In fact, later tests would prove that the masks performed well under the expected standards.

Jones downplayed the quality concerns.

“In the bigger scheme of things, this is one I’m not sure I’d throw myself (or the project) over the sword for," Jones wrote.

Yarbro questioned, "Why were so many people inside the Lee administration willing to fall over the sword for this company?"

Then, in early June, Nomi Health faced even more bad press in news stories published in The Guardian and Utah's Deseret News.

"The ice is getting thinner," Jones emailed Piercey.

On June 10, a formal validation report issued by the state’s health laboratory drew a line in the sand, concluding that they had “no confidence” in the reliability of the Nomi test .

"The validation study of the Nomi COVID-19 test system did not meet the regulatory criteria necessary to approve it for use in the TN public health laboratory," the report concluded.

"As such, the laboratory director cannot sign off on the validation nor implement it for clinical testing."
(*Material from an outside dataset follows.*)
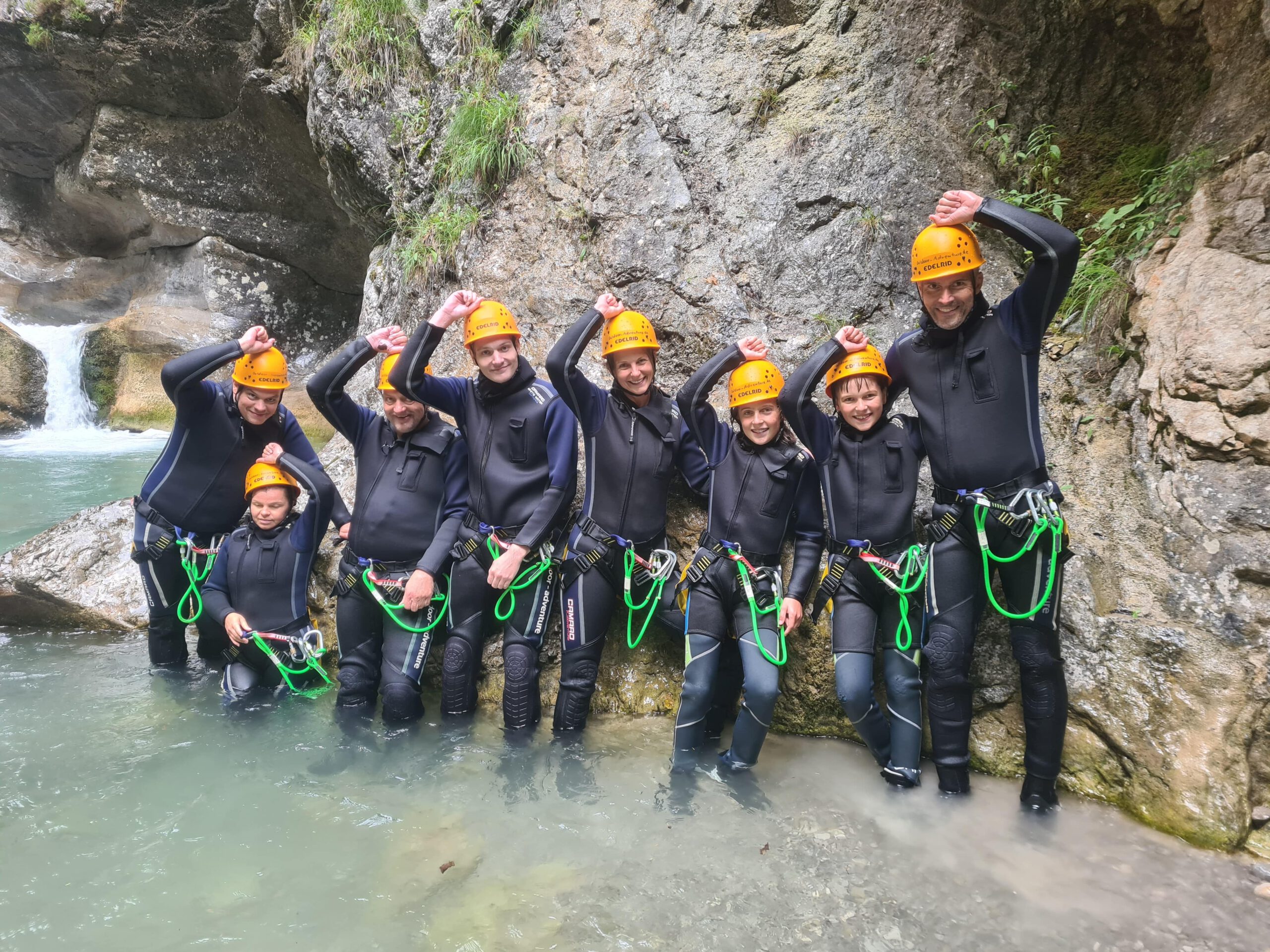 Führung durch geschulte Schluchtenführer; Leihausrüstung mit Canyoning-Gurt, Neoprenanzug, Helm und Canyoning-Schuhe.

Piercey emailed to express her "enormous thanks ... for their vetting of this product and process," promising to follow up with next steps.
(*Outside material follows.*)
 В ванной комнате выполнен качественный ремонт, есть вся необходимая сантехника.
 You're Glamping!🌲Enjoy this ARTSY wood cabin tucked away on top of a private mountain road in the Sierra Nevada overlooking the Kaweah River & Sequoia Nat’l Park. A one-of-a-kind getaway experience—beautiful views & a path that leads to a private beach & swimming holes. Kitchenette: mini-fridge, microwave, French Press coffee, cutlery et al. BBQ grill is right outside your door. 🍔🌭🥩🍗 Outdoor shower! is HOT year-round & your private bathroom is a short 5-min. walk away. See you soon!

Five days later, on June 15th, the state finally issued a "notice of termination of contract," claiming Nomi Health had caused "life, health or safety to be jeopardized."

But in the end, Piercey approved a payment of $5.9 million to settle with the company.

"It’s appalling frankly," Yarbro said, "that this administration has spent $6 million that could have gone to help Tennesseans to pay off a company that was never going to be able to do the work that they intended in the first place."

NewsChannel 5 requested an interview with Commissioner Piercey a week ago, but the Department of Health never responded to that request.

Late Monday, Piercey's team issued the following statement:

"During the early weeks of the COVID-19 pandemic, the state faced unprecedented international competition for scarce testing capacity and resources such as PPE. Tennessee undertook extensive efforts to overcome global shortages and explored both traditional and innovative options to rapidly expand testing capacity for Tennesseans, including executing an agreement with Nomi Health to expand testing capacity within the state. After onboarding issues, the platform was not ultimately used to process COVID-19 labs, though the state was contractually obligated to pay for certain goods and services delivered, including test kits and certain setup costs, and the parties ended the contract by Mutual Termination Agreement."